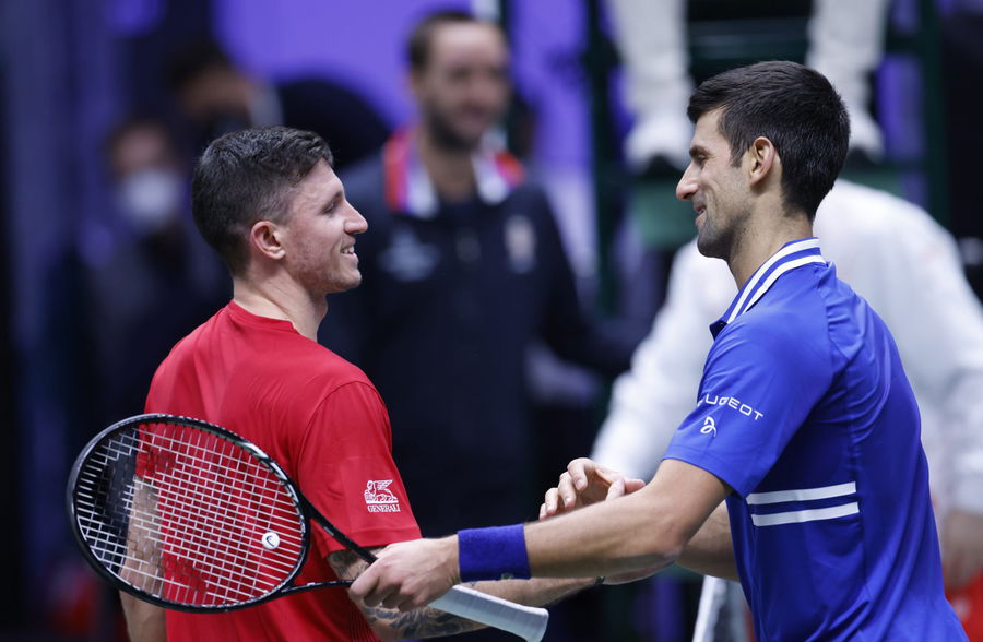 Tennis – Davis Cup Finals – Group F – Serbia v Austria – Olympiahalle, Innsbruck, Austria – November 26, 2021 Serbia’s Novak Djokovic and Austria’s Dennis Novak shake hands after their match REUTERS/Leonhard Foeger
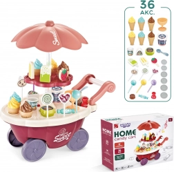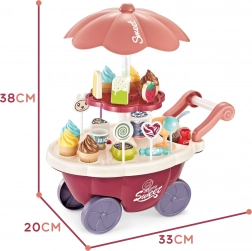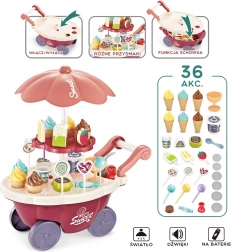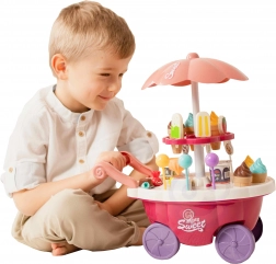 Dit speelgoed simuleert de rol van verkoper en koper, wat helpt bij het ontwikkelen van sociale vaardigheden en bewustzijn. De kar heeft veel hoogwaardige accessoires en stickers voor het spel en de verkoop van ijs en snoep. Het speelgoed biedt mogelijkheid om basis wiskundige en financiële vaardigheden te leren door middel van gesimuleerde aankopen met behulp van meegeleverde munten.
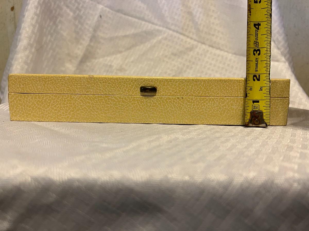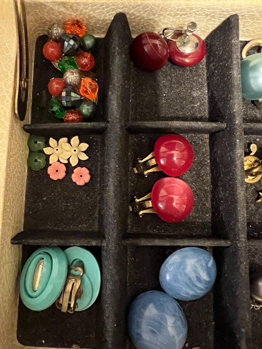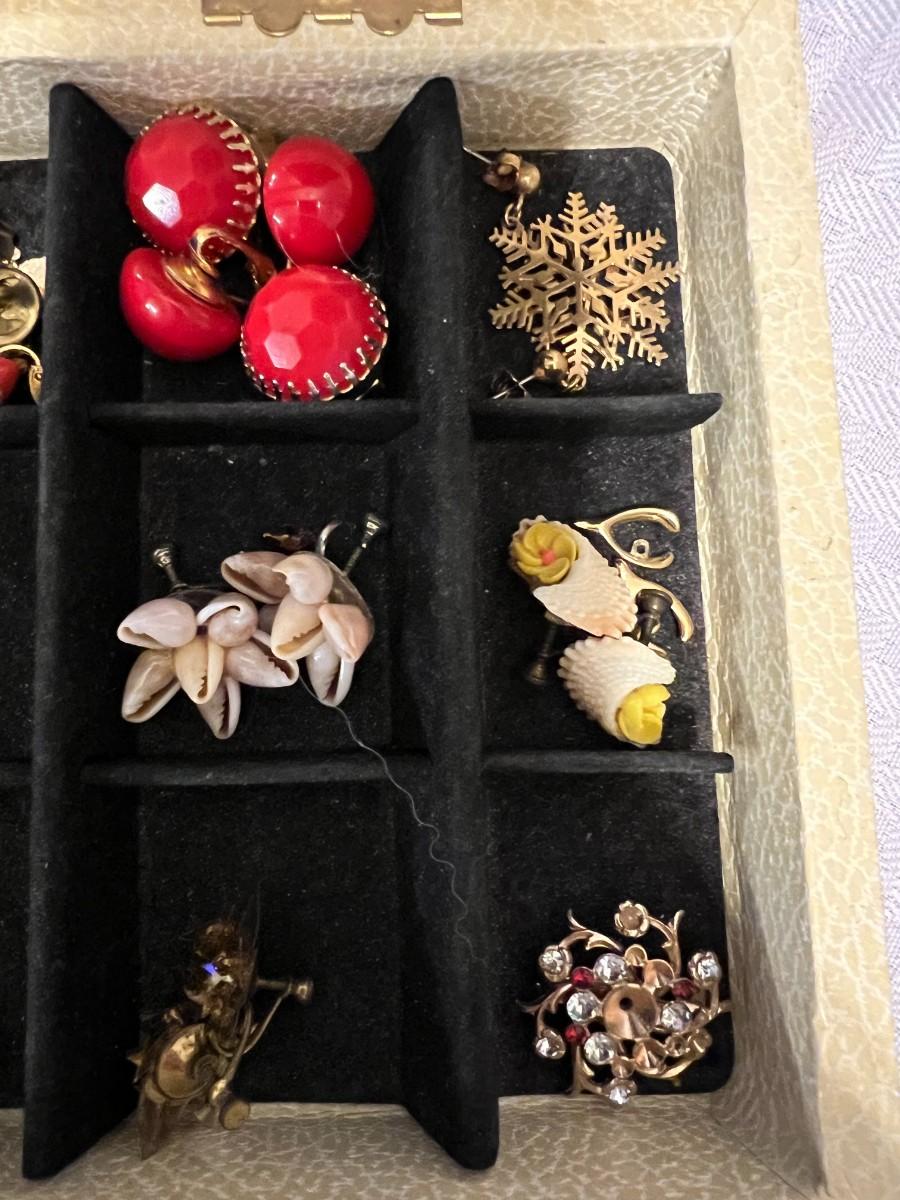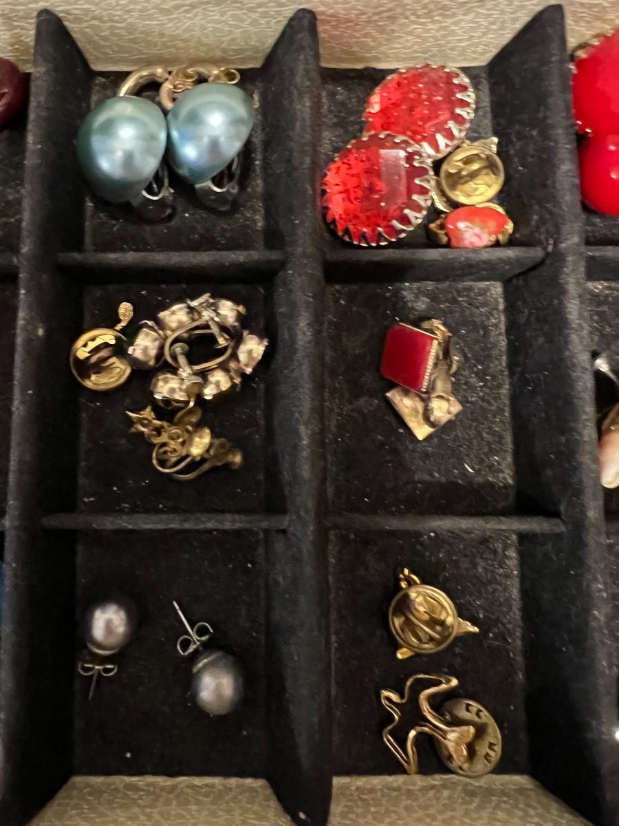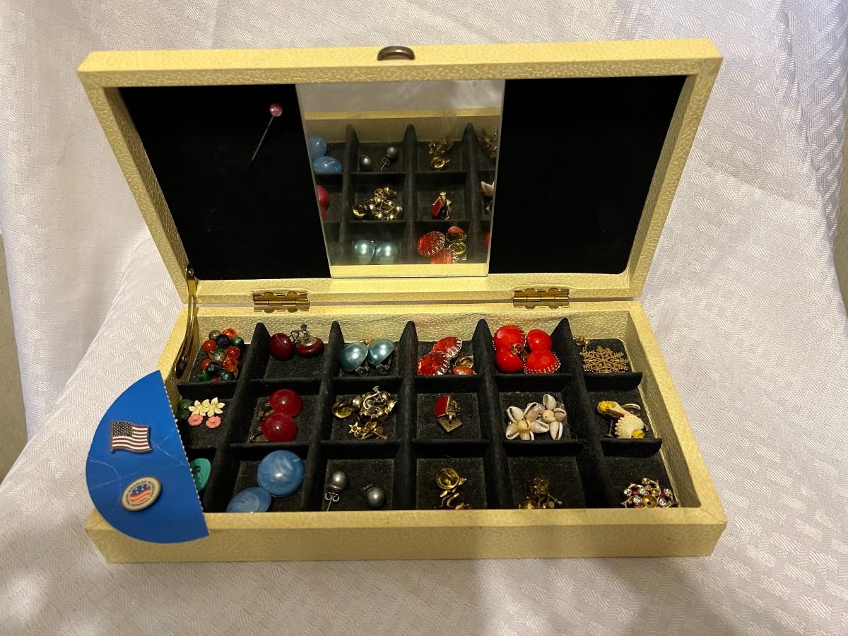 DIVIDED JEWELRY BOX WITH EARRINGS, POST AND CLIP ONS.
━━━
Problem description ▸ Return only the lines from the one that contains "Dit speelgoed simuleert" through the closing line of the data, inclusive, reproduced exactly and with every picture left out.

Expected answer ▸
 Dit speelgoed simuleert de rol van verkoper en koper, wat helpt bij het ontwikkelen van sociale vaardigheden en bewustzijn. De kar heeft veel hoogwaardige accessoires en stickers voor het spel en de verkoop van ijs en snoep. Het speelgoed biedt mogelijkheid om basis wiskundige en financiële vaardigheden te leren door middel van gesimuleerde aankopen met behulp van meegeleverde munten.
 DIVIDED JEWELRY BOX WITH EARRINGS, POST AND CLIP ONS.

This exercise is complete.